▸ EXERCISE DESCRIPTION
Would you transcribe the entries below, beginning at the line with "HISTORY OF MODERN" and ending after the line with "ピンク 赤 フルーツ セーター", exactly, with no picture and nothing more?

▸ DATA SHOWN
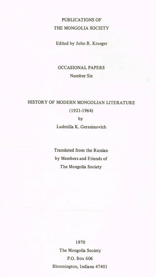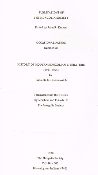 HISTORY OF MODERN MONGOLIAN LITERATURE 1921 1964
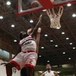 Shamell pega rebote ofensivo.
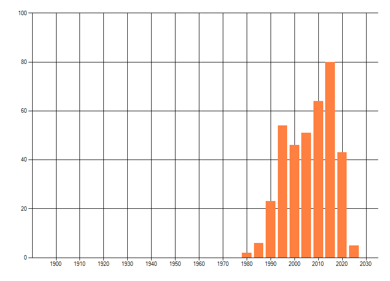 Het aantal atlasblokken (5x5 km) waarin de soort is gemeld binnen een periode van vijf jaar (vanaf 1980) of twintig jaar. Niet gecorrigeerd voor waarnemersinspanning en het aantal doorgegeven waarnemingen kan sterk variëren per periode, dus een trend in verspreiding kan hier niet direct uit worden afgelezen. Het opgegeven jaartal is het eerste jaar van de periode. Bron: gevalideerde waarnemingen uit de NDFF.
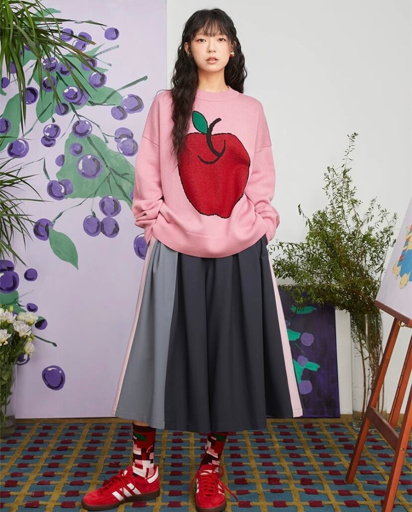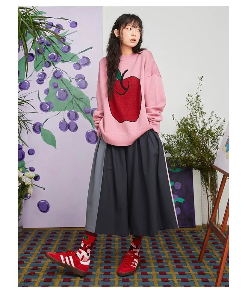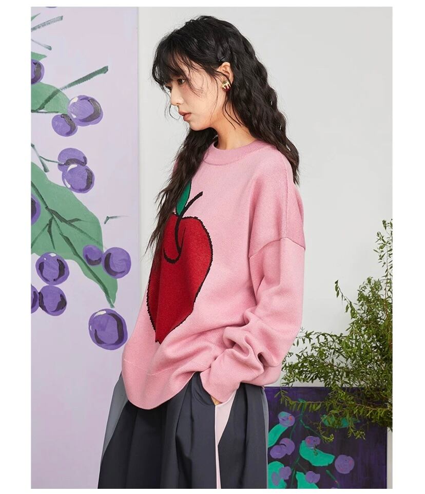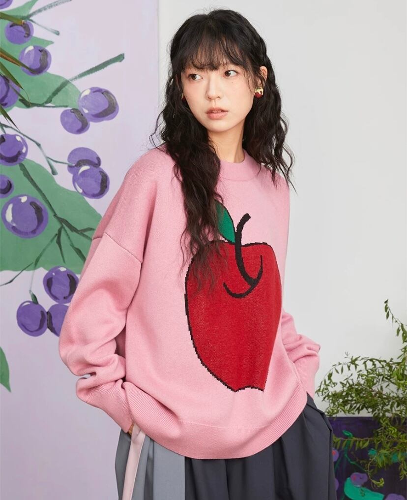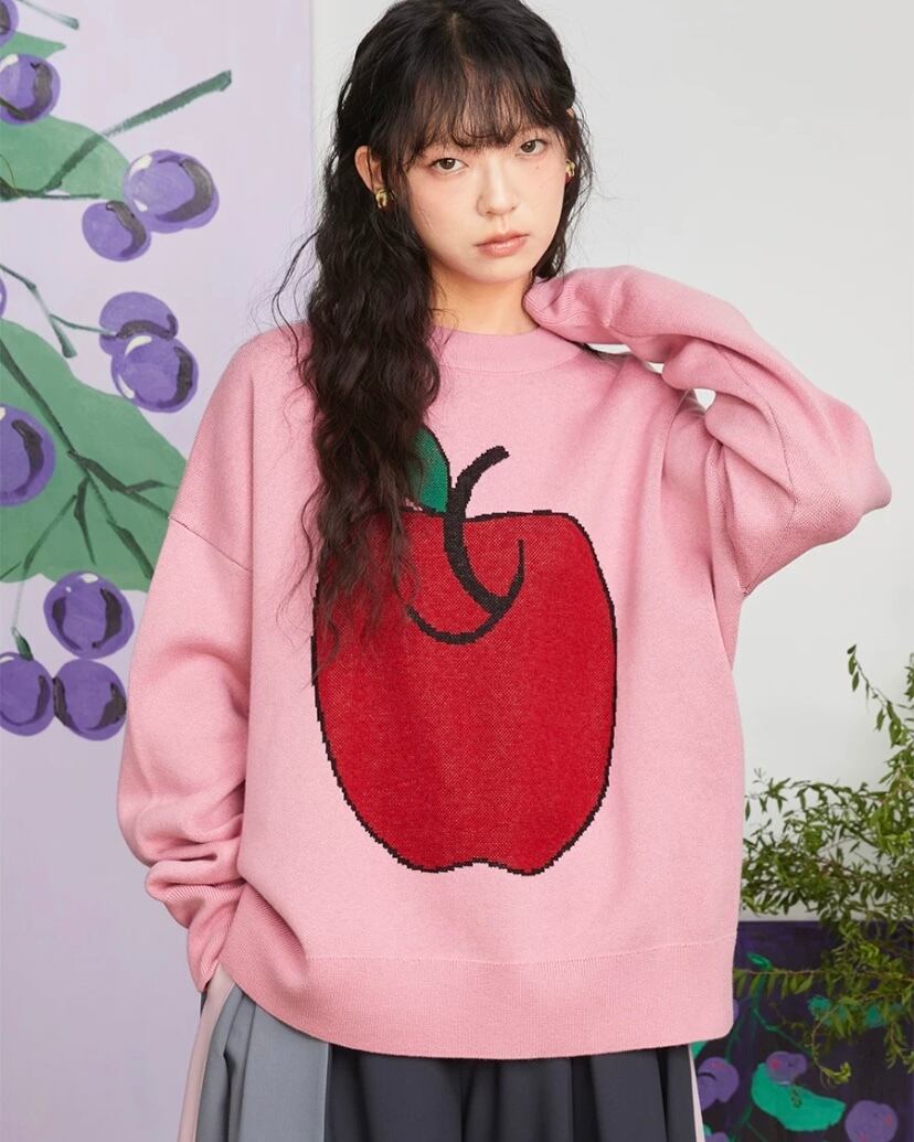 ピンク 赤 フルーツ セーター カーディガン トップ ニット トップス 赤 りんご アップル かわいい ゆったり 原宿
---
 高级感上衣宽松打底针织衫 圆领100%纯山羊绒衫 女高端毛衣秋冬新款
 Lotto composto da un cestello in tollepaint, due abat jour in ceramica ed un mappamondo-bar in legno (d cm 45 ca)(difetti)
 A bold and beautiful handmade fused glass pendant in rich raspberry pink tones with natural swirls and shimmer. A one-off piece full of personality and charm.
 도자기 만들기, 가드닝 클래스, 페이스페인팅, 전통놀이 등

▸ OUTPUT FOR THIS TASK
 HISTORY OF MODERN MONGOLIAN LITERATURE 1921 1964
 Shamell pega rebote ofensivo.
 Het aantal atlasblokken (5x5 km) waarin de soort is gemeld binnen een periode van vijf jaar (vanaf 1980) of twintig jaar. Niet gecorrigeerd voor waarnemersinspanning en het aantal doorgegeven waarnemingen kan sterk variëren per periode, dus een trend in verspreiding kan hier niet direct uit worden afgelezen. Het opgegeven jaartal is het eerste jaar van de periode. Bron: gevalideerde waarnemingen uit de NDFF.
 ピンク 赤 フルーツ セーター カーディガン トップ ニット トップス 赤 りんご アップル かわいい ゆったり 原宿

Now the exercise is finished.